- [Input material]:
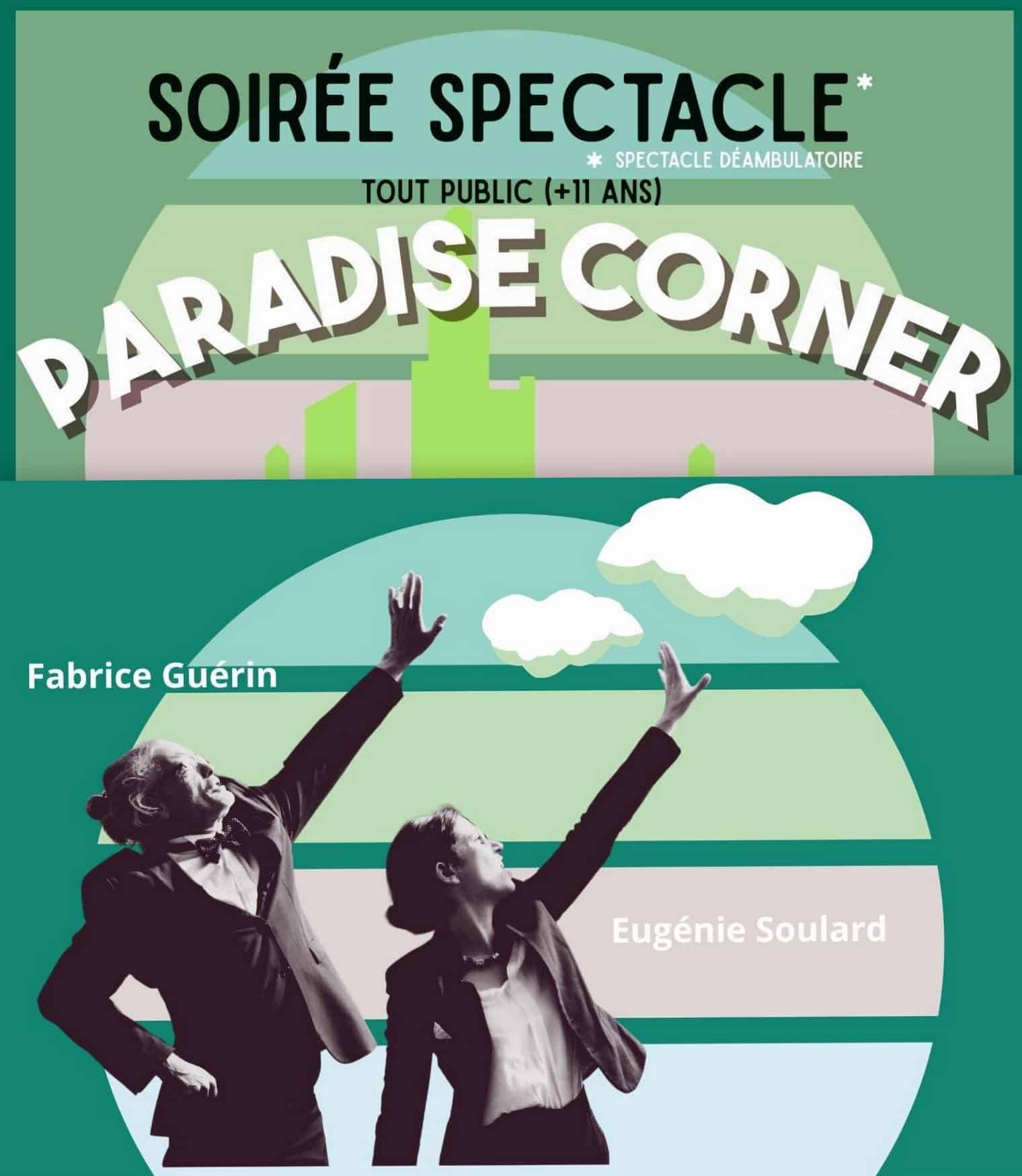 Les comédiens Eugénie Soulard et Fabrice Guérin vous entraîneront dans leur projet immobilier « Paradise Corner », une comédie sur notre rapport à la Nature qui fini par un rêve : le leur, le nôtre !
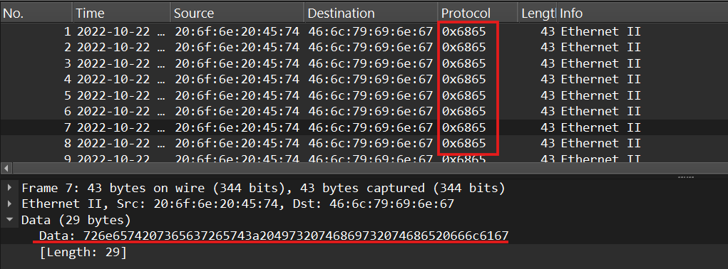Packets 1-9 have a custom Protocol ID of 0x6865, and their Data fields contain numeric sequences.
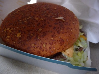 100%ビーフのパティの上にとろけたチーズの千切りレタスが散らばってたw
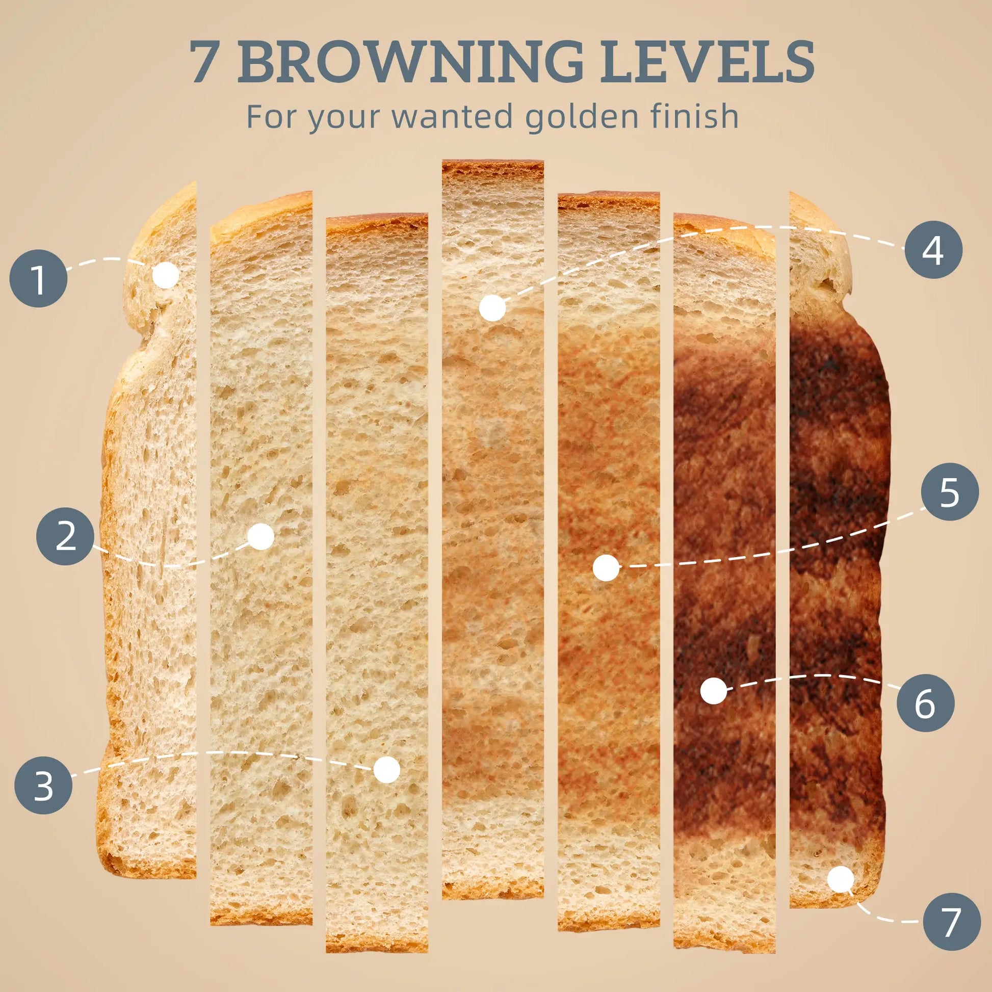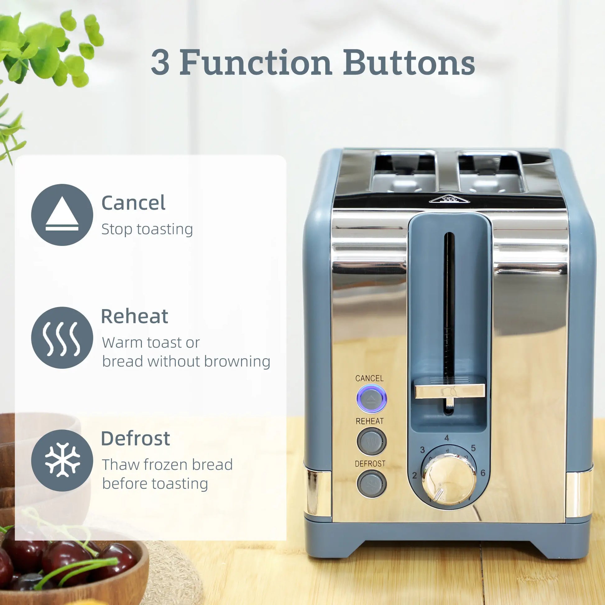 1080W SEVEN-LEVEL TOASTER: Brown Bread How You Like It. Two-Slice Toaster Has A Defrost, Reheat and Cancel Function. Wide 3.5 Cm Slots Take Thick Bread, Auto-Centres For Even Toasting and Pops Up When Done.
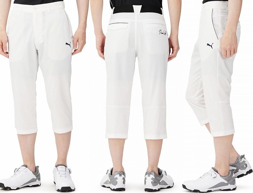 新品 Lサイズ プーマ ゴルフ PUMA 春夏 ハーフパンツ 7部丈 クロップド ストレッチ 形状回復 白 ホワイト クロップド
---
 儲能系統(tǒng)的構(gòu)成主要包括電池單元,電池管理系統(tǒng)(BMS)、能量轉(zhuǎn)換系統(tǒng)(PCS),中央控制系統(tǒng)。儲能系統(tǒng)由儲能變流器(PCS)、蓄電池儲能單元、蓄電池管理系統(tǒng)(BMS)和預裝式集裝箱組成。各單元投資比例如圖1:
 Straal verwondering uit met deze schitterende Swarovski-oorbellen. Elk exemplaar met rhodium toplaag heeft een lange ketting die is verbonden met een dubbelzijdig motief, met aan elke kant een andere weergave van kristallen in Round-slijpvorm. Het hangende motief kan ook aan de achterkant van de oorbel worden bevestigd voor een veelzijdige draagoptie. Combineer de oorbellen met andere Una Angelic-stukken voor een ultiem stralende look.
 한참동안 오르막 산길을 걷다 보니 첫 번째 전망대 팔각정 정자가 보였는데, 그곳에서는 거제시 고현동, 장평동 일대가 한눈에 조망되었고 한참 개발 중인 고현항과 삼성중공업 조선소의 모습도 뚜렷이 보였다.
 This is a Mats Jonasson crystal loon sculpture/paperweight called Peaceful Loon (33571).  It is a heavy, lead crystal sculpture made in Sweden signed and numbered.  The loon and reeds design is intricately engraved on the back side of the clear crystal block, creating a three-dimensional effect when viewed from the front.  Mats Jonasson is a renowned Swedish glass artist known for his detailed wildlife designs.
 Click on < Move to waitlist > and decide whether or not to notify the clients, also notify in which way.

- [Problem statement]:
Starting at the line containing "Les comédiens Eugénie" and stopping at the line containing "100%ビーフのパティの上にとろけたチーズの千切りレタスが散らばってたw", output each line exactly as it appears above. Leave out the pictures.

- [Solution for this exercise]:
 Les comédiens Eugénie Soulard et Fabrice Guérin vous entraîneront dans leur projet immobilier « Paradise Corner », une comédie sur notre rapport à la Nature qui fini par un rêve : le leur, le nôtre !
Packets 1-9 have a custom Protocol ID of 0x6865, and their Data fields contain numeric sequences.
 100%ビーフのパティの上にとろけたチーズの千切りレタスが散らばってたw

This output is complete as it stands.